GIVEN DATA -
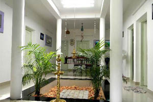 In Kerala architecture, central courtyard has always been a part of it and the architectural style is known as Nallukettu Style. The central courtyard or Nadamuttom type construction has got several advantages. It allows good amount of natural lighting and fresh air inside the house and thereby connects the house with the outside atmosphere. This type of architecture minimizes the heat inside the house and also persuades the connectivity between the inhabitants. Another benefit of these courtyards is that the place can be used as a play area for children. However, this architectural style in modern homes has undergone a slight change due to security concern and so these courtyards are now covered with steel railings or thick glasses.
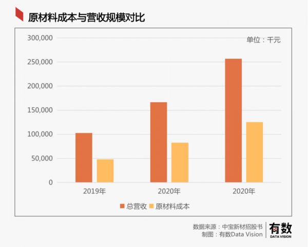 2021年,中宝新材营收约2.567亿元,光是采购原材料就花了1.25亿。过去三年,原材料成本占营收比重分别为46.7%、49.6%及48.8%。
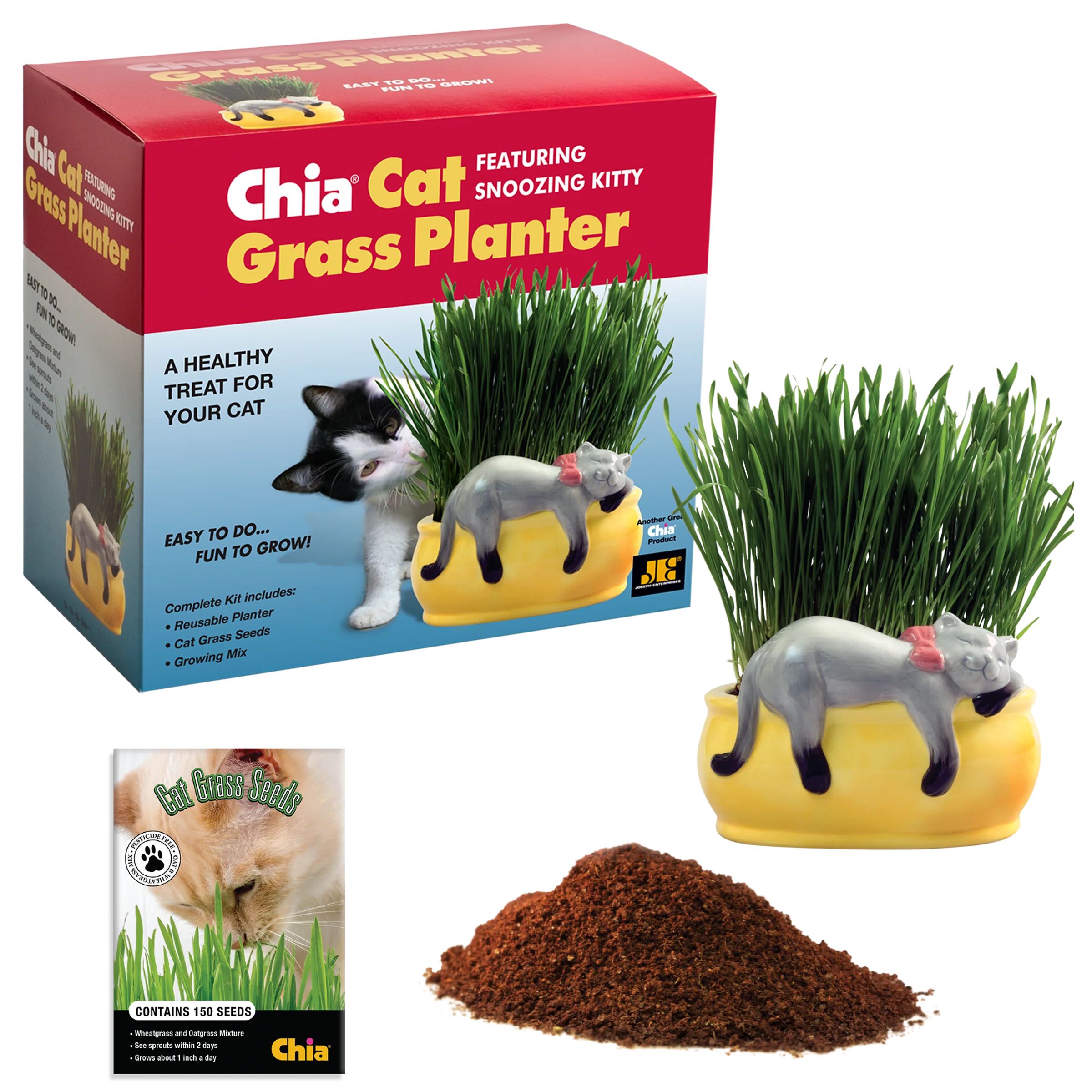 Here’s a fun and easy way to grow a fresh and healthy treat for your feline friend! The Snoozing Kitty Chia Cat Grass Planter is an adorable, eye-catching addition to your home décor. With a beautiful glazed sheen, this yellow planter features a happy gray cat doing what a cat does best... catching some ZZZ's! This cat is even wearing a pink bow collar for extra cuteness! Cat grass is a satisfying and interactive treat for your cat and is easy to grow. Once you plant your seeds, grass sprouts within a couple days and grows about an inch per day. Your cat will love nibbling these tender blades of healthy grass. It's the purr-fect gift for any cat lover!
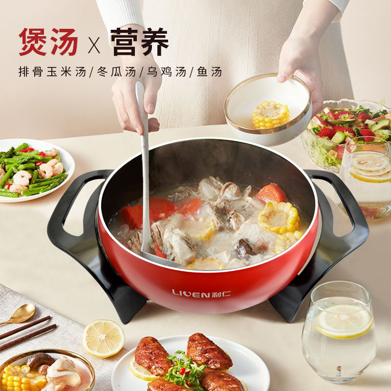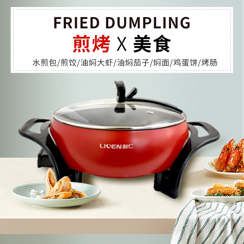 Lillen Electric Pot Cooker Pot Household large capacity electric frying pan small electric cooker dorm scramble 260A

WHAT TO PRODUCE - Each line above has to be returned exactly. Drop the pictures.

TASK SOLUTION -
 In Kerala architecture, central courtyard has always been a part of it and the architectural style is known as Nallukettu Style. The central courtyard or Nadamuttom type construction has got several advantages. It allows good amount of natural lighting and fresh air inside the house and thereby connects the house with the outside atmosphere. This type of architecture minimizes the heat inside the house and also persuades the connectivity between the inhabitants. Another benefit of these courtyards is that the place can be used as a play area for children. However, this architectural style in modern homes has undergone a slight change due to security concern and so these courtyards are now covered with steel railings or thick glasses.
 2021年,中宝新材营收约2.567亿元,光是采购原材料就花了1.25亿。过去三年,原材料成本占营收比重分别为46.7%、49.6%及48.8%。
 Here’s a fun and easy way to grow a fresh and healthy treat for your feline friend! The Snoozing Kitty Chia Cat Grass Planter is an adorable, eye-catching addition to your home décor. With a beautiful glazed sheen, this yellow planter features a happy gray cat doing what a cat does best... catching some ZZZ's! This cat is even wearing a pink bow collar for extra cuteness! Cat grass is a satisfying and interactive treat for your cat and is easy to grow. Once you plant your seeds, grass sprouts within a couple days and grows about an inch per day. Your cat will love nibbling these tender blades of healthy grass. It's the purr-fect gift for any cat lover!
 Lillen Electric Pot Cooker Pot Household large capacity electric frying pan small electric cooker dorm scramble 260A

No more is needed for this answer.